The participants who had been allocated to the relaxation group had to attend a scheduled individual appointment with a registered physiotherapist (EV) once a week. The relaxation programme described by Larsson and Andrasik (23) is based on common forms of relaxation, breathing, and stress-management techniques and includes a series of six exercises, each of which is based on the one before. Each relaxation exercise lasted for between 5 and 20 minutes, and verbal and written information was given out before the introduction of a new relaxation exercise. After each session, there was an opportunity for the participant to discuss their progress with the physiotherapist. If they were absent, they were contacted and informed about how to continue on their own. Between the scheduled sessions, the participants practised at home every day with a compact disc. For the purpose of this study, adherence to the relaxation treatment was defined as participating in six or more sessions at the clinic, as the programme included six different exercises. Verbal confirmation of practice at home was also required.
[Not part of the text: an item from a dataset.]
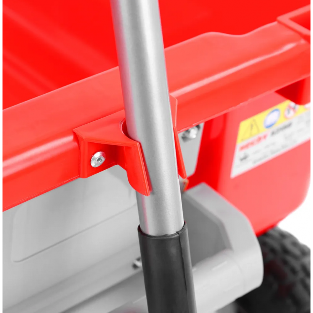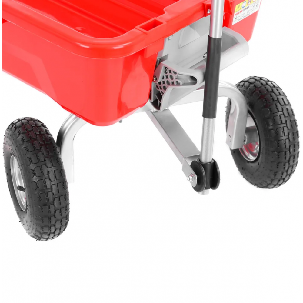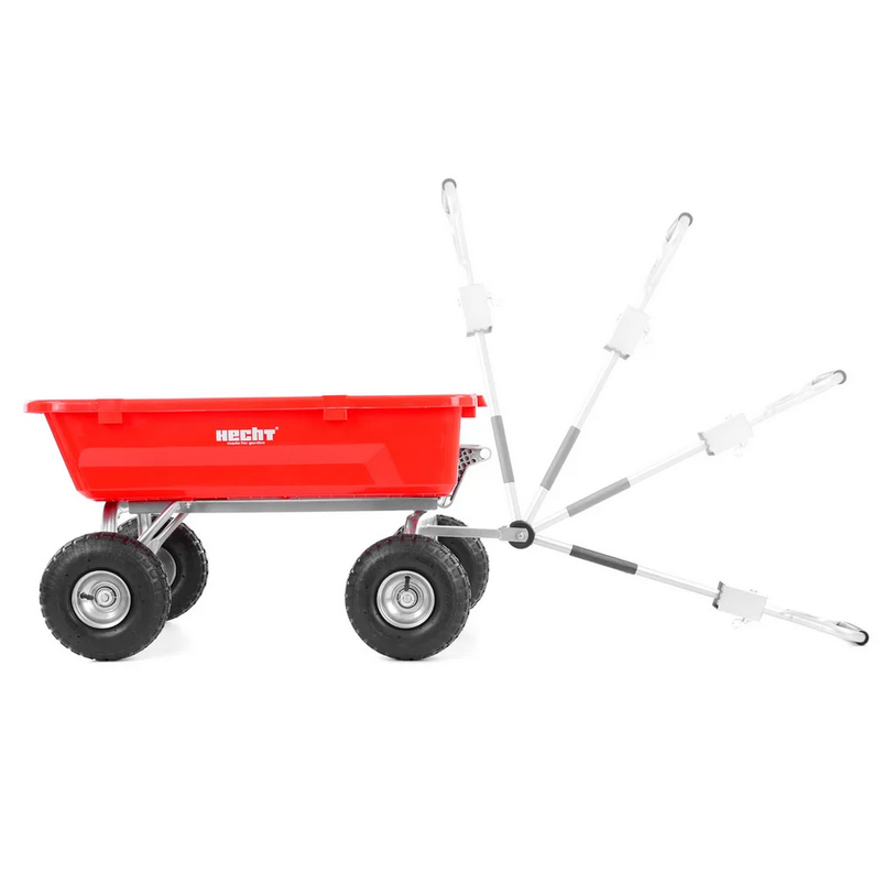 Рукоятка знімається, що звільняє сполучну частину, яка дозволяє підвісити візок до трактора, такому як газонний трактор. Таким чином, ви отримуєте супер практичний причіпний пристрій!

The participants who were allocated to the exercise group trained with a registered physiotherapist (EV) for 40 minutes, three times a week. The exercise programme was based on indoor cycling. The rate of perceived exertion (RPE) scale (intensity graded 6–20) was used to set the training intensity (24). Each training session included a 15-minute warm-up period (intensity on RPE scale 11–13), followed by a 20-minute exercise period (RPE scale 14–16) and a 5-minute cool-down period (RPE scale 11–13). The exercise programme has also been described earlier (13). The opportunity to discuss the exercise with the physiotherapist was given after every session. If the participant was absent, they exercised at home or at a local gym. All forms of continuous aerobic exercise were then accepted, and participants were instructed to reproduce the same intensity and duration used in the exercise programme. Based on recommendations for increasing VO_2max (25), participants who exercised once per week on average at the clinic and a total of two or more times a week were seen as adhering to the treatment.

The participants in the medication group visited a neurologist (ML) before starting a course of topiramate. Topiramate is an antiepileptic drug in use for over 10 years and has been registered in Sweden (Topimax; Janssen-Cilag, Sollentuna, Sweden) for the treatment of migraine since 2005. These participants also received written information about the drug. Their dosage was slowly increased by 25 mg every week until the dosage reached the highest dose that the individual could tolerate, with a maximum of 200 mg/day (18). They were allowed to call the neurologist at any time of day during the treatment period and to book a scheduled visit if needed. At least one follow-up visit was scheduled. Adherence was defined as using the medicine >2 months in accordance with the prescription and was measured using self-reports (26).

Statistical analysis

A power analysis was conducted in order to detect a clinically relevant difference between the groups in terms of a change in the mean monthly migraine frequency from the baseline, defined as 1.0 number of attacks. Assuming a standard deviation of 1.2, and a power level of 80%, a two sided-test with an alpha level of 0.05 showed that it was necessary to have 30 subjects in each group.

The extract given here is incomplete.